555 Mission at Night
Last year Sequoia Capital secured the 14,718 square foot penthouse atop 555 Mission for seven years at a rate of $84 per square foot. According to the San Francisco Business Times, the law firm of Novak Druce Quigg has now subleased the entire space for the remainder of the lease at a 40 percent discount ($50 per square foot) without escalation.
And Included for free, “all of the super high-end and virtually unused furniture.”
A Jonathan Borofsky Rises At 555 Mission (And 535 Is On Its Way) [SocketSite]

7 thoughts on “555 Mission: Sequoia’s Penthouse Sublease At 40 Percent Off”
  1. Now you know why your lawyer’s overhead is so high. Nice deal for them, but they have to do a lot of billing to cover the rental methinks.

  2. $4 per square foot per month?
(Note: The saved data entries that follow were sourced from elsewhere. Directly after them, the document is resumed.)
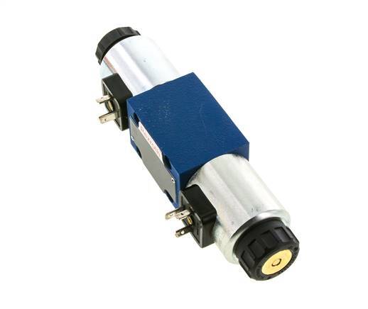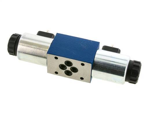 Bosch Rexroth direct operating 4/2 way hydraulic solenoid vave with NG6 (D03) mounting interface (the mounting interface NG 6 is standardised according to DIN 24340-A6, ISO 4401-03, CETOP R 35 H-03 and NFPA-D03) and a 24 V DC coil. The valve has a cast iron housing with NBR (nitrile rubber) sealing.There is no initial position. A detent mechanism can be added to either side, locking that side and making it the intial position. The valve is suitable for systems with a max pressure of 350 bar (5075 Psi) and a operating temperature range of -15 - 80 ° C (5 - 176 ° F). The valve has a flow rate of 80 l/min and a maximum allowable viscosity of 400 cSt. The NBR (nitrile rubber) sealing is suited for mineral oils. Manual override feature can be used to operate the system during power failure. The manual override can be operated up to 5-10 bar. This solenoid valve has a detent mechanism. During operation, the permanent current supply to the electromagnet can be removed because the valve is kept in position with the detent, this contributes to energy-efficient operation. Since the valve has a maximum operational pressure of 350 bar (5075 psi), it can be used for high pressure applications. The valve has an IP65 rating.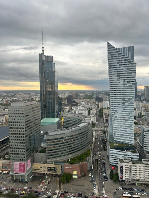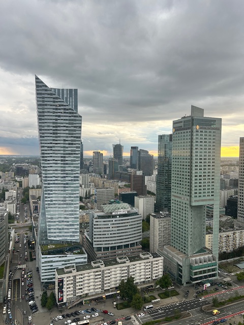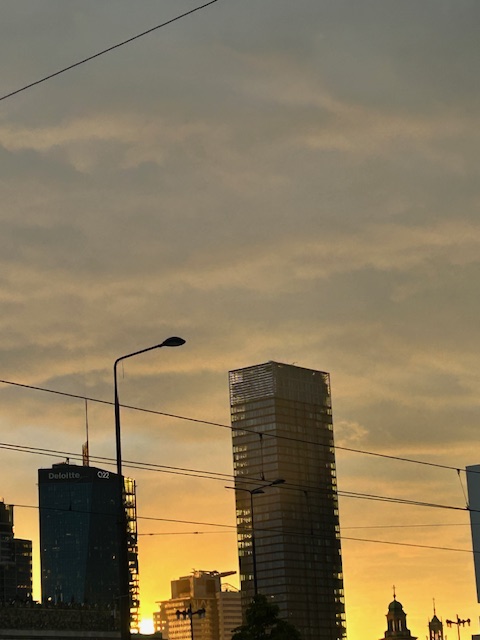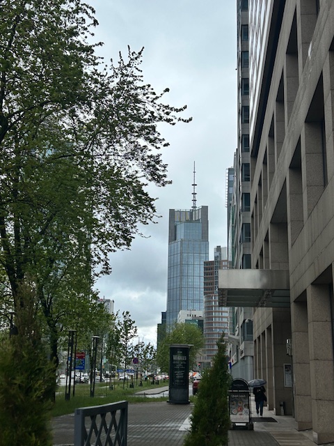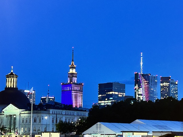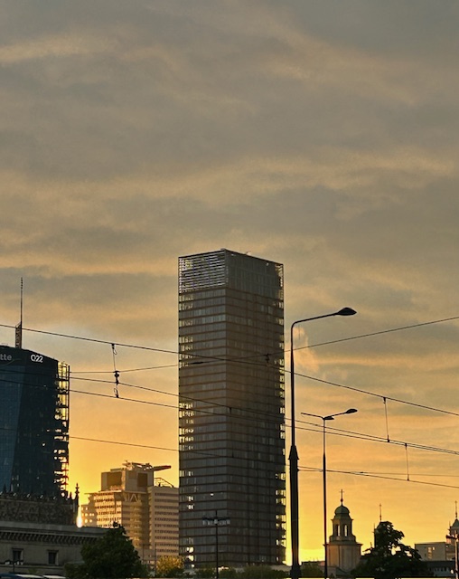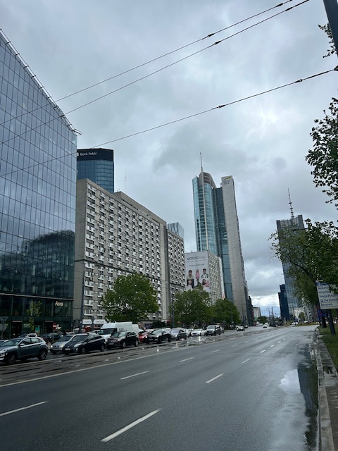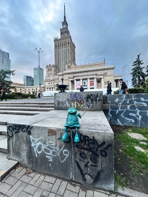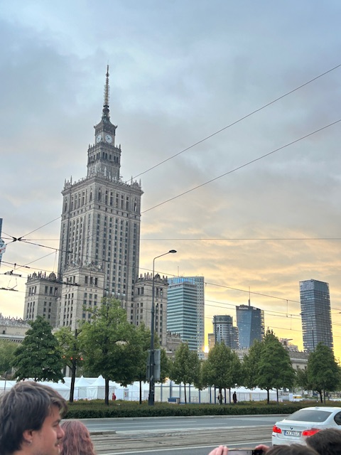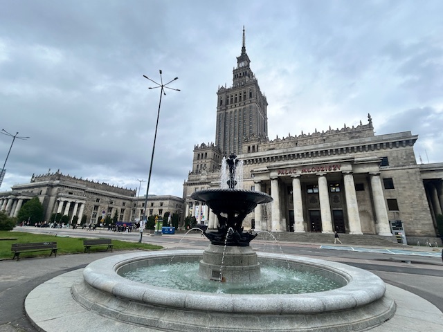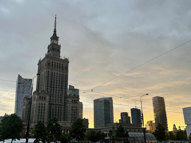 Desde una relativa lejanía, nos habla del Palacio de Ciencia y Cultura. Incide sobre el color de su fachada, grisáceo, para informarnos de que era blanco de construcción. ¿Contaminación? Según ella, hay bastante gente a la que no le gusta su historia y su apariencia. Pasó de llevar la coletilla Stalin hasta que, en la actualidad, cada vez se le respeta un poco más. Me refiero a la edificación, claro. La dominación soviética trajo algunos de estos edificios a las calles de países anexionados. Se le conoce como Pekin, como abreviatura de su nombre en polaco. Los 237 metros de altura hacen de el uno de los más altos de Polonia.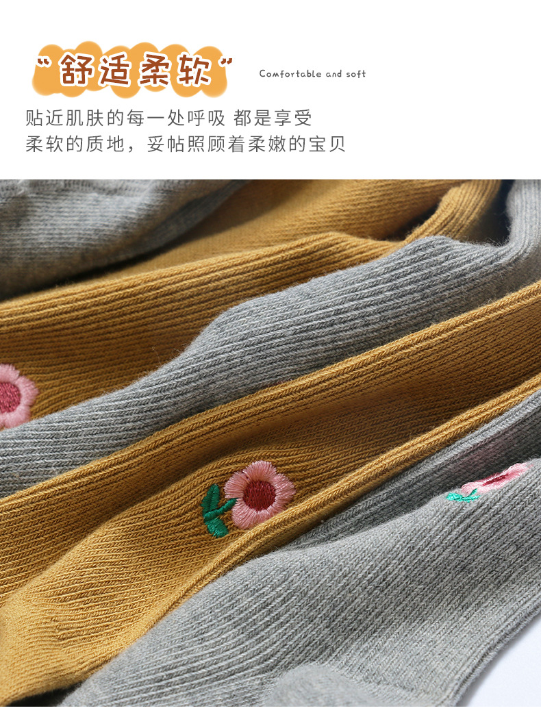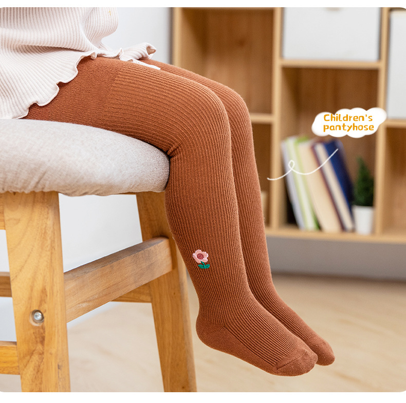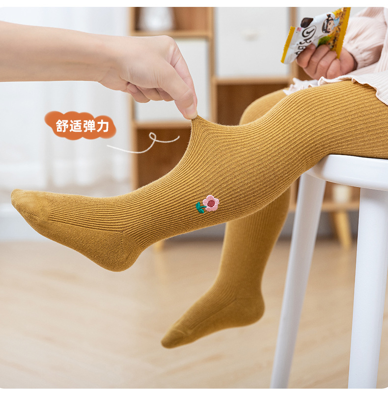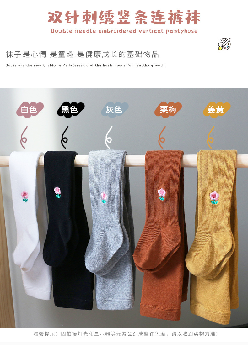 제로 스레드 헤드 한국어 이중 바늘 세로 스트립 캔디 컬러 아기 작은 중학교 큰 어린이 아기 레깅스 자수 작은 꽃 팬티 스타킹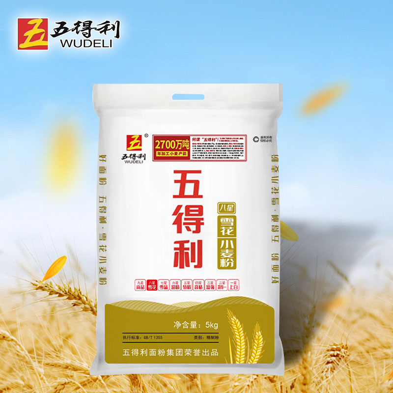 五得利八星雪花5kg面粉家用小麦粉混沌饺子馒头包子新鲜日期中筋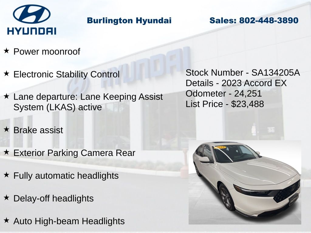 View this 2023 Honda Accord EX Sedan for sale at Hoffman Toyota

Not really that outrageous a price to pay for Class A space (furnished, apparently).
    Do the math on your average 2BR apartment rental in Pac Heights. Its not far off $4 psf/month.
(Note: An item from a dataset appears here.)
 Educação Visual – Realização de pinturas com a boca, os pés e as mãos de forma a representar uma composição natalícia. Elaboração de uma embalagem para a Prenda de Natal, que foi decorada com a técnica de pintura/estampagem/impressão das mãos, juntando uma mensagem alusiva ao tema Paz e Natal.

  3. This is a VC and is also an indication of the dearth of new business formation that can be expected in the area for the next 6 years. Some will be supported from Sand Hill Road, but there won’t be much, so a major VC expansion is killed outright.
    How will that effect SF housing values.
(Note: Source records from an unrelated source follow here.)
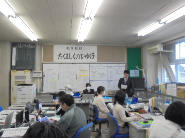 | 明けましておめでとうございます。今年も当校の教育活動にご理解とご協力をよろしくお願いいたします。 さて,7日(水)は,冬季休業最終日でした。年始に降った雪が前庭やグラウンドに残っています。本日は,明日から始まる教育活動に向けて打ち合わせや準備をしたりしました。 会議では,校長から次のような念頭のあいさつ(概略)がありました。 教師という仕事は,素晴らしい仕事です。できる限り自分の力を発揮して,「仕事ができる」=「教育ができる」環境をつくっていきましょう。健康に留意して,一歩一歩進んでいきましょう。 全職員,明日子どもたちが元気に登校してくることを楽しみに待っています。明日の朝も降雪が予想されますので,交通安全には十分気を付けて登校させてください。 |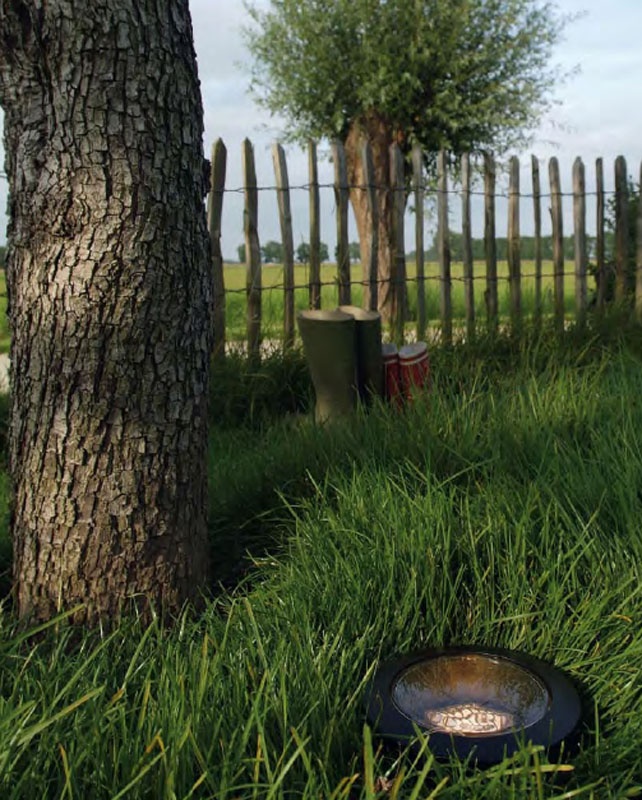 Grâce à sa lumière halogène divergente d’une portée de 15 mètres, cette armature de in-lite® Design en aluminium peint en noir convient parfaitement à l’éclairage des grands arbres, des sculptures et des façades. Cette armature peut être enterrée ou intégrée dans un matériau. Elle émet une puissante lumière en éclairage vers le haut.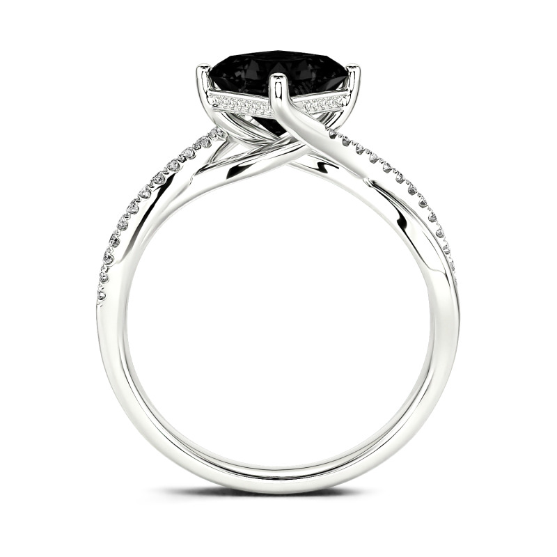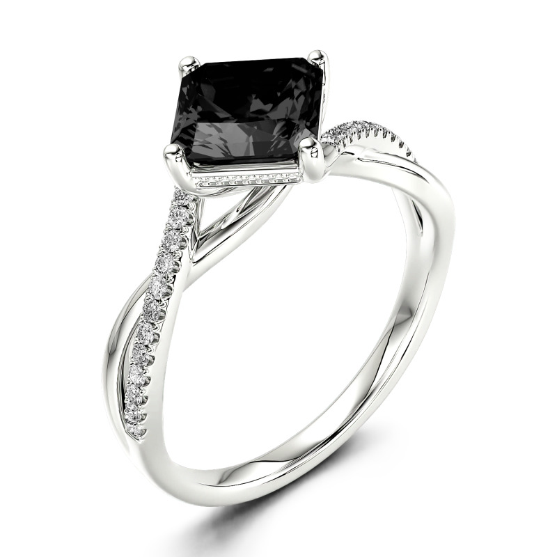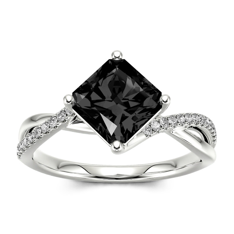 With divine style, this moissanite engagement ring shines with the beauty of your romance. This ring showcases a shimmering princess-cut center stone in a traditional four-prong setting.The polished and shimmering stone-lined ribbons of the shank surround the center in a smart twist design. Luxe and lovely, this engagement ring reflects the unique twists of turns of your romance.

  4. VC is in for a bruising anyway, as their 10-year returns are about to go negative. Given the risk profile of venture capital and long redemption times for their funds (5-7 years minimum), combined with negative returns (once you exclude 1999, they are at about -6% over the past 10 years), the entire asset class looks much less attractive to investors.
    Sequoia, however, will be fine. They are as blue-chip as blue chip can be. Just like Lehman Bros.
    The city of San Francisco can’t really support the kind of industrial businesses (e.g. green tech, biotech, etc.) that VCs are investing in now anyway. Not surprised the pulled the plug on this foray north of Sand Hill Rd.
    I have no idea if a VC retrenchment will impact housing prices. Perhaps at the high end, likely not at all in the middle and lower tiers.

  5. Someone I know at a biotech VC firm described the current situation as this. Large stakeholders (pensions funds, etc.) allocate a certain percentage of their holdings to VC funds. When the stock market crashed, the value of their total portfolio declined and they became “overweight” in VC funds. Therefore, no new investments in VC funds for the foreseeable future.
    Complaining that an internal presentation by Sequoia about tough economic times to come — headlined “R.I.P. Good Times” was leaked to the press, sending a shock wave through Silicon Valley’s entrepreneurial set, Valentine said, “We thought it was all in the family.
    All in the family? If Sequoia is a family, it is surely the Borgias.

  6. Very few VCs make Sequoia money. I doubt that VCs would have a material impact on real estate, even at the high-end.

  7. Sequoia Capital intended to use this space for creating a new public securities investment fund, not for making SF-based VC investments. The fate of Sequoia and this office has nothing to do with VC, start-ups in SF or Sequoia’s venture capital business.